Dave Kruse: Can you describe a little bit more of the vision I think is directly connected to the Internet of Things, it sounds like.

Ryan Rist: I think the whole insurance model and if you look at how insurance started back in London and at Lloyd’s or at the, you know, the coffee shop where they were insuring maritime vessels to you know go to the new world and the idea of risk transfer. It’s really really important at the macro-level. How many people would be able to own a home without home insurance that assures the bank that their 80% loan to value is gonna to get paid back right? You know, so think about the dream of American home ownership and how insurance is absolutely vital in that happening. Think about the jobs that are created just in the construction industry and the realty business and so, at a macro-level insurance frees up capital so we don’t have to self-insure ourselves, we can actually own a home, so we can buy things like an Apple computer and iPod and fun gadgets, you don’t have to self-insure and hoard money right?

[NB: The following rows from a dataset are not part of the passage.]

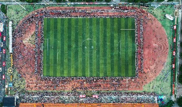 记者看到,每逢比赛夜,华灯初上,“村超”球场内便摩肩接踵、人山人海;欢笑声、呐喊声、敲锣声、击鼓声,各种声音混杂在一起,阵阵激荡。球场围网外,同样人潮涌动,榕江县城多个地方还设置了直播大屏,供大批挤不进场的市民和游客观看。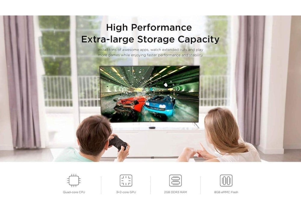 - دقة الإخراج: 4K (3840 × 2160)، وحدة المعالجة المركزية: Cortex-A53 رباعي النواة 64bit، وحدة معالجة الرسومات: Mali-450، ذاكرة الوصول العشوائي: 2GB DDR3، التخزين: 8GB eMMC، نظام التشغيل: اندرويد 8.1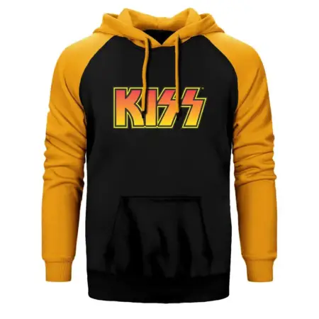 • Kiss Colored Hoodie, Double Color Raglan Sleeve Yellow Sweatshirt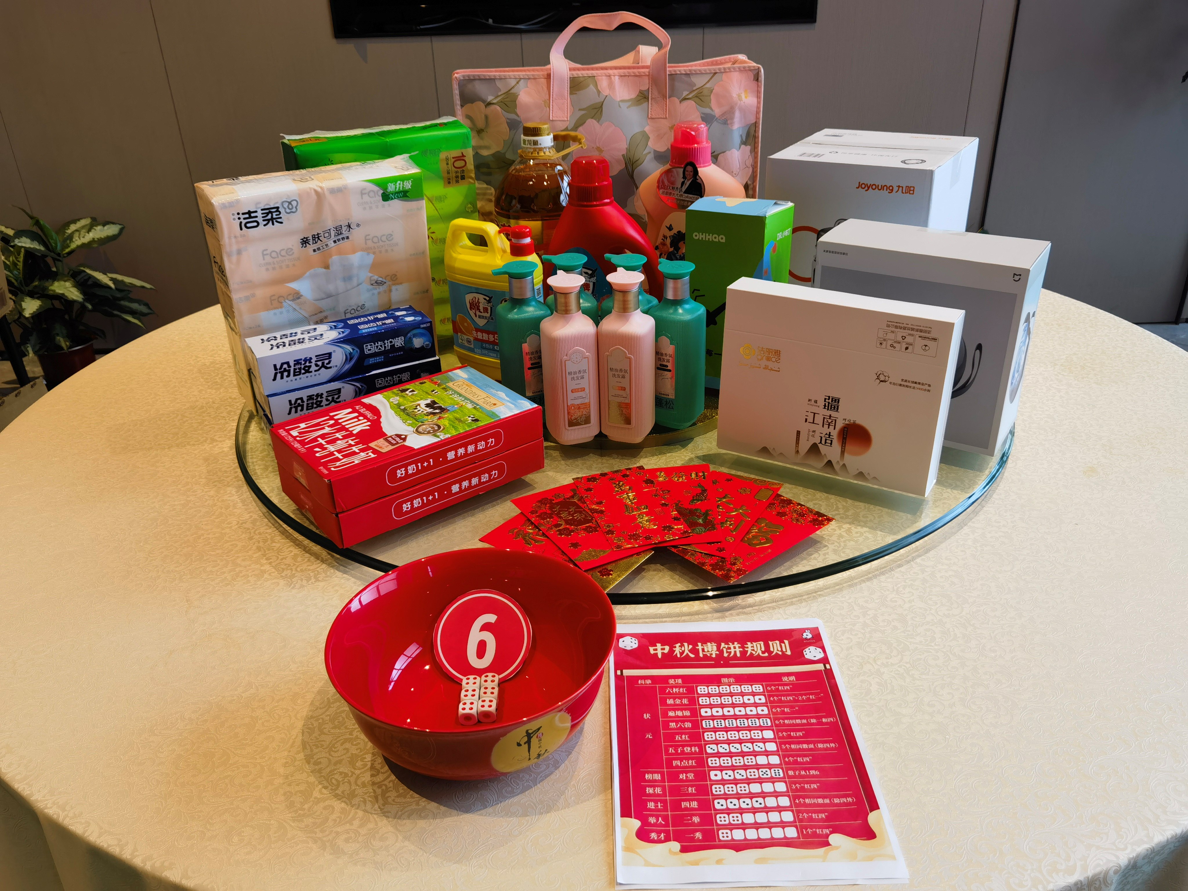 活动现场,六枚骰子在青花瓷碗中清脆碰撞,此起彼伏的欢呼声与笑语声交织成秋日里最动人的乐章。经过多轮精彩角逐,所有员工满载而归,脸上洋溢着收获的喜悦。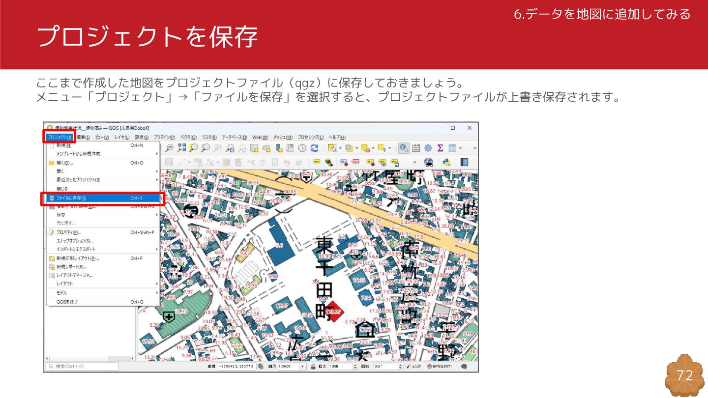 プロジェクトを保存 72 ここまで作成した地図をプロジェクトファイル(qgz)に保存しておきましょう。 メニュー「プロジェクト」→「ファイルを保存」を選択すると、プロジェクトファイルが上書き保存されます。 6.データを地図に追加してみる

Freeze up capital markets, provides capital for those markets, and it is this oil that sort of greases the western economic engine. If you look at a lot of countries where they don’t have a sophisticated insurance, some of these growth markets like China, like, you know, you can go to a Caribbean island and see how it takes 30 years to build a home, because people there can’t get a loan, there is no insurance. So, at the macro-level it is really important. At the micro-level, you talk to consumers and they hate it and you think about why they hate it, well it‘s first of all I pay in every year to this thing that I hope I never have to use because if you use it people you know think the rates are gonna go up. How many products are like that, how many products do you pay a significant amount $1000 or $2000 or $3000 in a year and you get nothing back, year after year after year, 90% of our customers will never file a claim, so 90% of our customers will never use that product in any given year.

Dave Kruse: Wow.

Ryan Rist: Yet they pay in a lot of money and so then, you know, they see their rates go up and they say, well my rates keep going up, I haven’t had a claim. Well, yeah your rates go up, so does the price of bread, the price of gas, but you know it’s different, they are using gasoline, they are eating bread, they are seeing it day in and day out, so we call it a low-engagement category which just basically means we are not adding a lot of value day in and day out. Now, when somebody has a claim and their house gets burned to the ground, somebody is injured, a car accident, you know that’s where we are able to step in and do our job and what we call restore people’s lives and get them back to where they need to be and that‘s a really tough job to be in. You’re seeing people at their absolute lowest moments and you’re trying to bring them through and it could be very gratifying, you hear a lot of great stories where we help people to get them back where they need to go, but fundamentally that business model stinks, we are engaging with people when they are at their worst, we are not adding value day in and day out. Secondly, the product itself is really complicated. Can you tell me what your insurance covers and what it doesn’t cover?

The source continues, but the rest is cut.